The reason is that the angle $\theta$ spanned by a length $L = 1\,\mathrm{Mpc}$ depends on the distance $d$ of that length — in comoving coordinates, $\theta$ keeps decreasing with $d$, just like a normal item, say a bicycle, looks smaller the farther away it is (curiously, in physical coordinates, this is not the case. Due to the finite speed of light and the expansion of the Universe, galaxies only look smaller out a certain distance, after which they start to look larger).
An $(L = 1\,\mathrm{Mpc})^2$ square spans $\theta_2 = 39''$ at a redshift of $z=2$, and $\theta_3 = 32''$ at $z=3$. The comoving distances are $d_2 = 5.3\,\mathrm{Gpc}$ and $d_3 = 6.5\,\mathrm{Gpc}$, respectively.
So yes, roughly you can say that the comoving volume of an $A = 1\,\mathrm{Mpc}^2$ square between $z=2$ and $z=3$ is $V = A(d_3-d_2)$. But read on.
The calculation
You mention a survey, so I assume you're not actually given an area, but a field of view (FOV). The problem is the same, just the other way; your FOV doesn't cover the same area at different redshifts.

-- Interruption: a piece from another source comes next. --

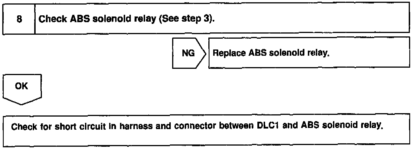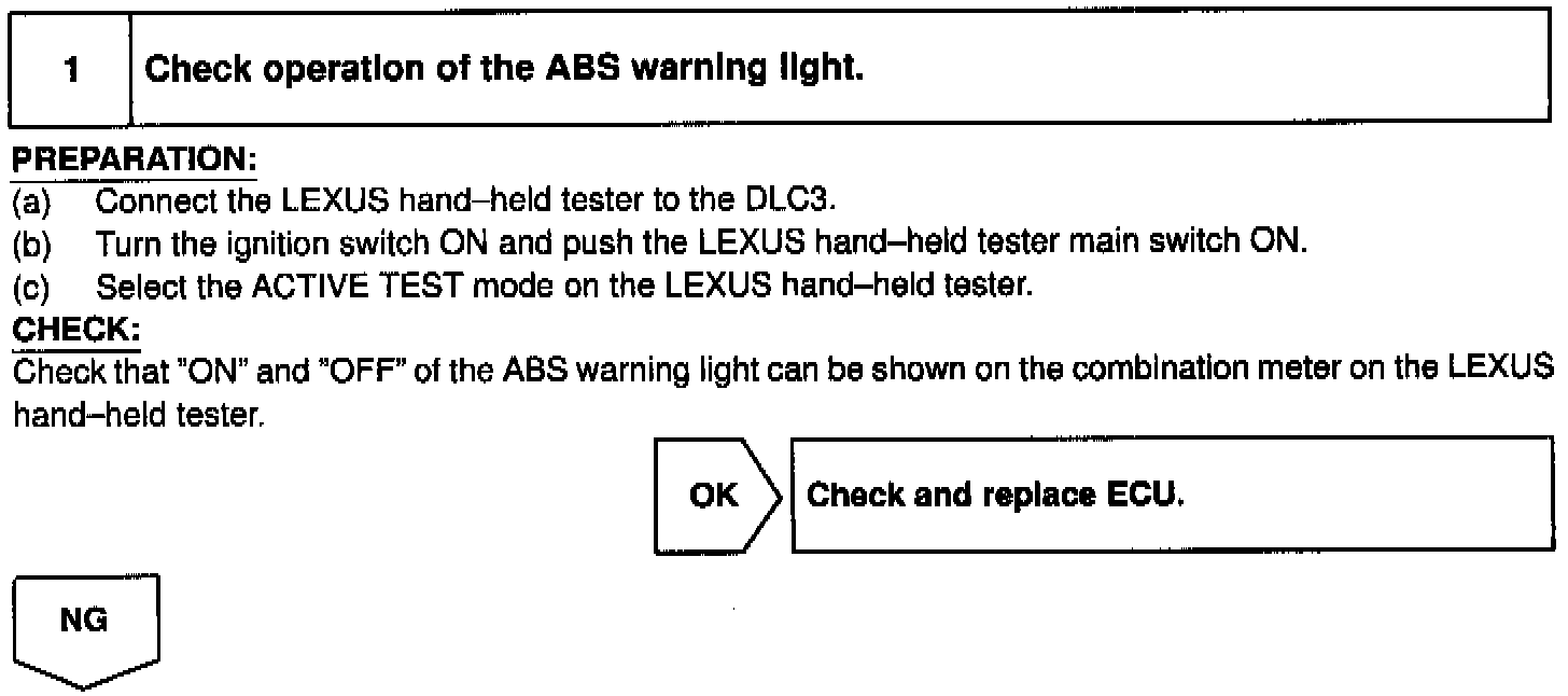 If the ECU detects trouble, it lights the ABS warning light while at the same time prohibiting ABS control. At this time, the ECU records a DTC in memory.

So, here's the rigorous way to calculate it:
Let's say your FOV spans a solid angle $\Omega=\theta_\mathrm{RA}\times\theta_\mathrm{dec}$, which measured in radians comprises a fraction $\Omega/4\pi$ of the whole sphere. The total, comoving volume to a comoving distance $d$ is just $V = 4\pi d^3/3$, so the volume of the shell between $z=2$ and $z=3$ is $$ V_\mathrm{2\rightarrow3} = V_3 - V_2 = \frac{4\pi}{3} \big(d_3^3 - d_2^3\big). $$
The comoving volume spanned by your FOV is thus $$ V = \frac{\Omega}{4\pi} V_\mathrm{2\rightarrow3}, $$ or $$ V = \frac{\Omega}{3} \big(d_3^3 - d_2^3\big). $$
The error
The difference between the two approaches increases with the difference between the two redshifts. With a FOV of, say, $\Omega = (\theta=32'')^2 = 1024\,\mathrm{arcsec}^2=2.4\times10^{-8}\,\mathrm{sr}$, if you say that it spans an area of $A = 1\,\mathrm{Mpc}^2$ (which is only correct at $z=3$), you'll get $$ V_\mathrm{approx.} = 1\,\mathrm{Mpc}^2 \times (6508 - 5312)\,\mathrm{Mpc} = 1198\,\mathrm{Mpc}^3, $$ whereas with the correct formula you get $$ V_\mathrm{true} = \frac{2.4\times10^{-8}}{3} \left( 6508^3 - 5312^3\right)\,\mathrm{Mpc}^3 = 1011\,\mathrm{Mpc}^3, $$ that is, 16% percent lower.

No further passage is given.